Jean Donaldson advises something similar to what grayber describes: the Open Bar technique. When your dog is in the presence of a large dog, the "bar is open," and she gets deluxe treats (wonderful stuff that she never gets except in this one situation), lavish praise and attention, and when the large dog leaves the scene, the bar is closed — no more fabulous yummies, business as usual. Big dog = bar open! Wheeee! Big dog gone = bar closed. Aw, damn. In this way, over time, your should (with luck!) associate big dogs with good times.

Of course, the best way to do this is to start at first with the help of a couple of friends with large, calm, friendly dogs in a yard or enclosed area where you can control the situation. Have your dog there, then bring in Big Dog on a leash. As soon as your dog notices Big Dog making the scene, open the bar. It's important that she receive the treats even if she starts barking, and that the treats stop as soon as the Big Dog is led away. After a bit of this, you can do it on the sidewalk, as soon as a big dog comes into view. If you can get the help of a trainer or behavior specialist using this sort of technique that would probably be much easier, since I imagine that many of them have training dogs that they use for desensitization techniques. You'll want to ask about their approach and get a specific idea of how they would go about addressing this problem.

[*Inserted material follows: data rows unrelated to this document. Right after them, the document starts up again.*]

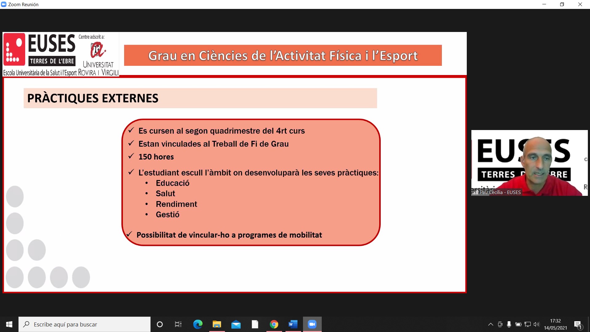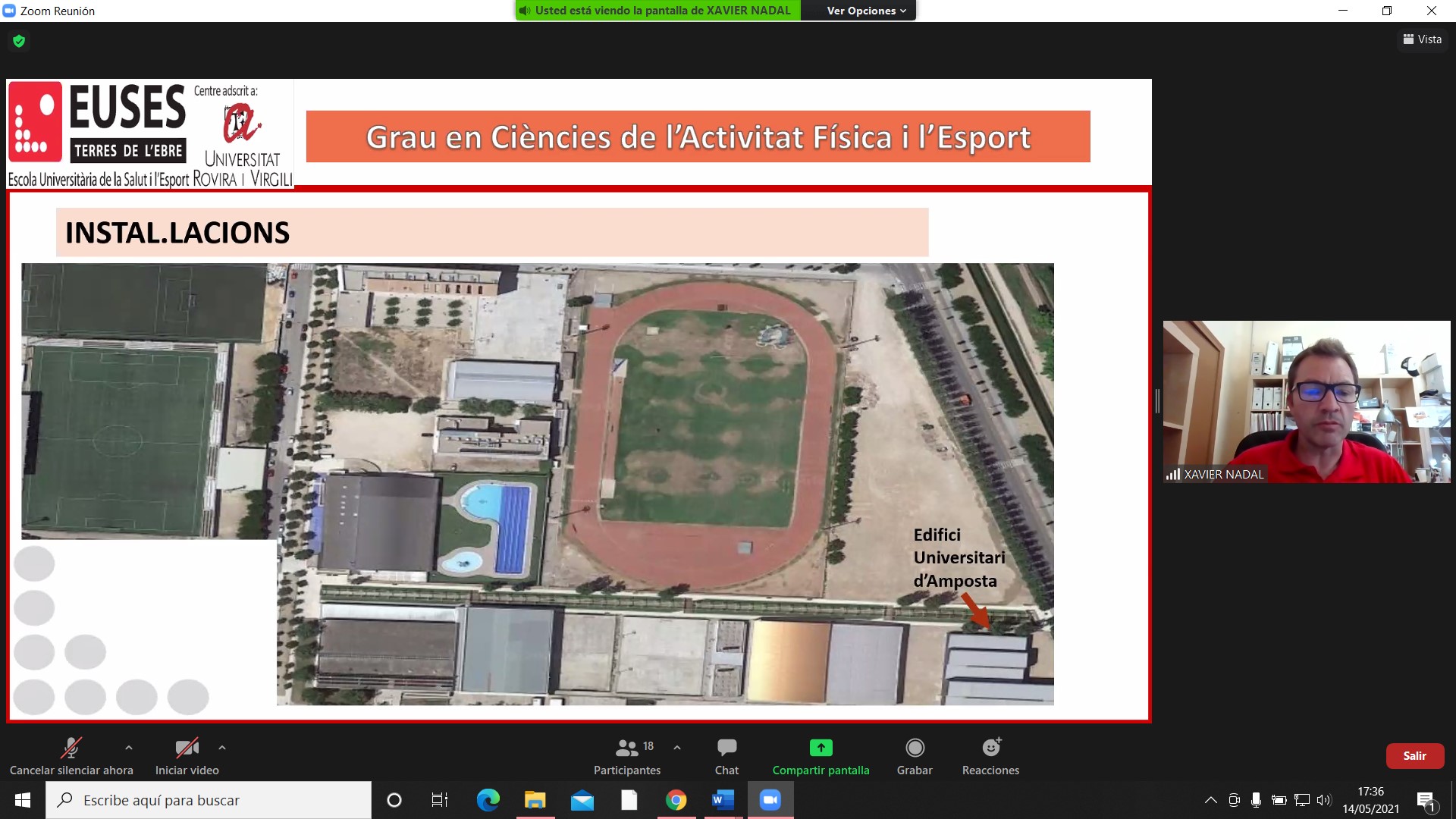 Este pasado viernes día 14 de mayo ha tenido lugar la última de las Jornadas de Puertas Abiertas virtuales de este curso en el Campus de Terres de l’Ebre. Cómo en las anteriores, se ha vuelto a contar con una buena cantidad de personas interesadas en los grados impartidos en nuestro Campus. De nuevo se ha utilizado como vehículo la plataforma Zoom, a través de la cual los y las interesadas han podido conectarse para recibir toda la información de nuestros estudios: el Grado en Ciencias de la Actividad Física y el Deporte, el Grado en Fisioterapia y la Doble Titulación (CAFyD + Fisioterapia).
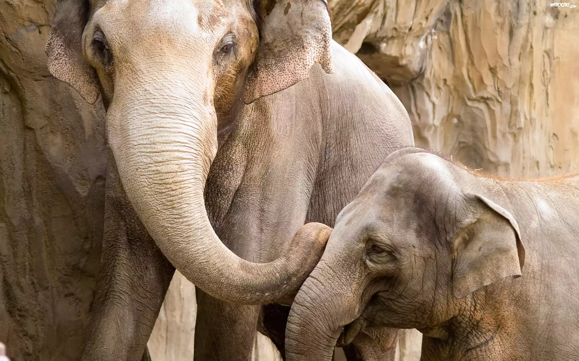 Zdjęcia, Dwa, Słonie, Trąba, Skały
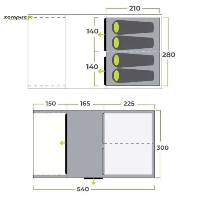 The Zempire Evo Range has been one of Zempire’s most popular collections. For the new 2022 season, Zempire has upgraded their bedrooms to their ‘All Black Bedroom’ which not only cuts down early morning light but also has their new Multi-room inner. The Multi-room inner gives you several options for adjusting the bedroom sizes by using zip-out dividers (TXLÂ & TL). Another update worth mentioning is the new Tinted Skylight which provides additional natural light in the tent and awning, but can be closed with zip curtains when needed.
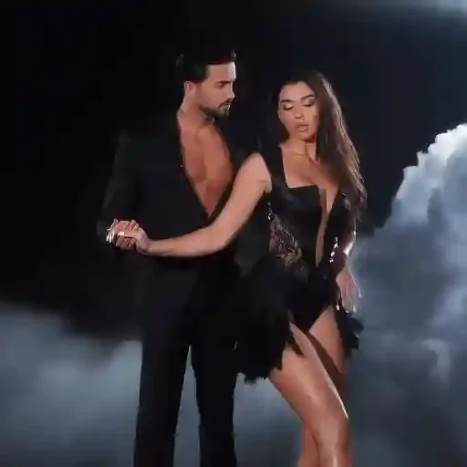 Um casal dançando, o homem de camisa aberta e calça preta, a mulher de vestido preto curto e sensual, em um cenário escuro com fumaça.
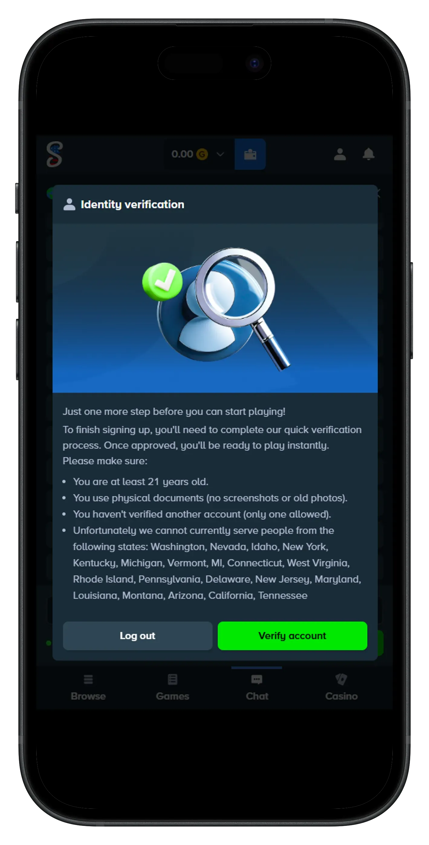 After registering, you’ll need to verify your identity to access referral bonuses and redeem Stake Cash (SC).
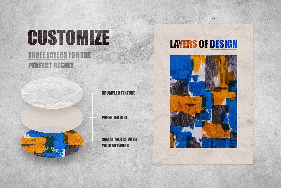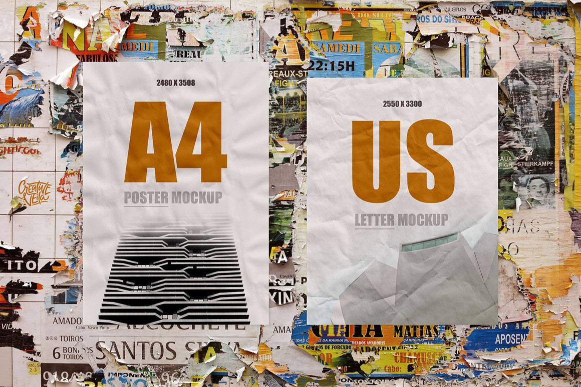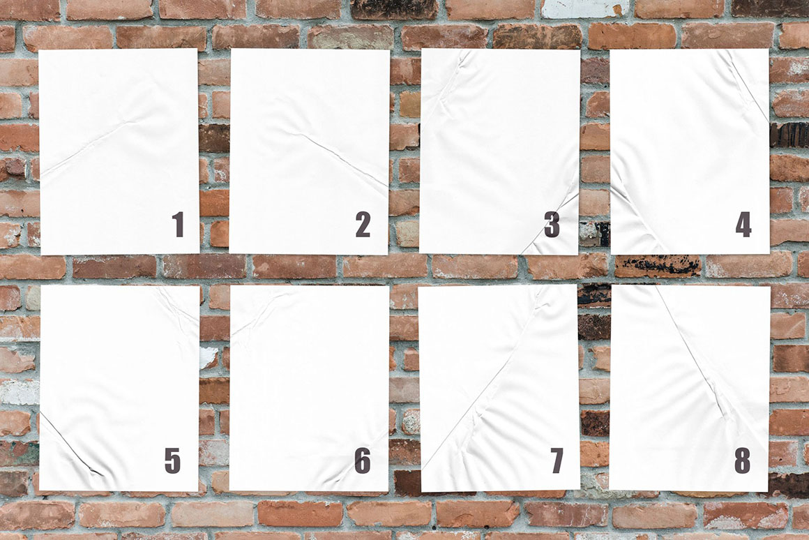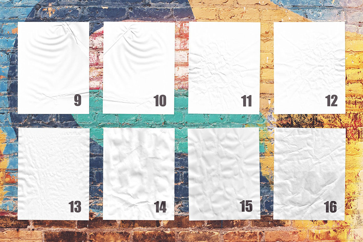 Unless you have time to take a walk to the scenic neighbourhood, grab a coffee, and take a few promo shots of the fresh printed work of yours, these PSD poster mockups would be the best option to showcase your graphic design project. Just imagine you can get a radiant photo of your poster, ad, or any other design printed and glued in the most graphic areas of your city! Well, my new mockup set brings you the next great thing — customizable scene creator where you can switch between two poster formats, 16 crumpled paper textures, 3 seamless paper styles, and 13 wall backgrounds in a few clicks! Just place your artwork inside the Smart Object and pick the best combination of the overlays you can.

Much more elaboration on this technique by a dog trainer here.

My feeling is that an off-leash park may never be a great idea for your little girl, because even if you manage to get her much more comfortable around big dogs, the overplayful, not-yet-well-socialized, young, or play-rough big dogs she will likely encounter could probably easily undo all that work.
posted by taz at 1:58 AM on September 26, 2010

Response by poster: Thanks, taz -- that also sounds like a good idea! Anyway, I have given up long ago on off-leash play for her, except in yards, because she is deaf and so stubborn.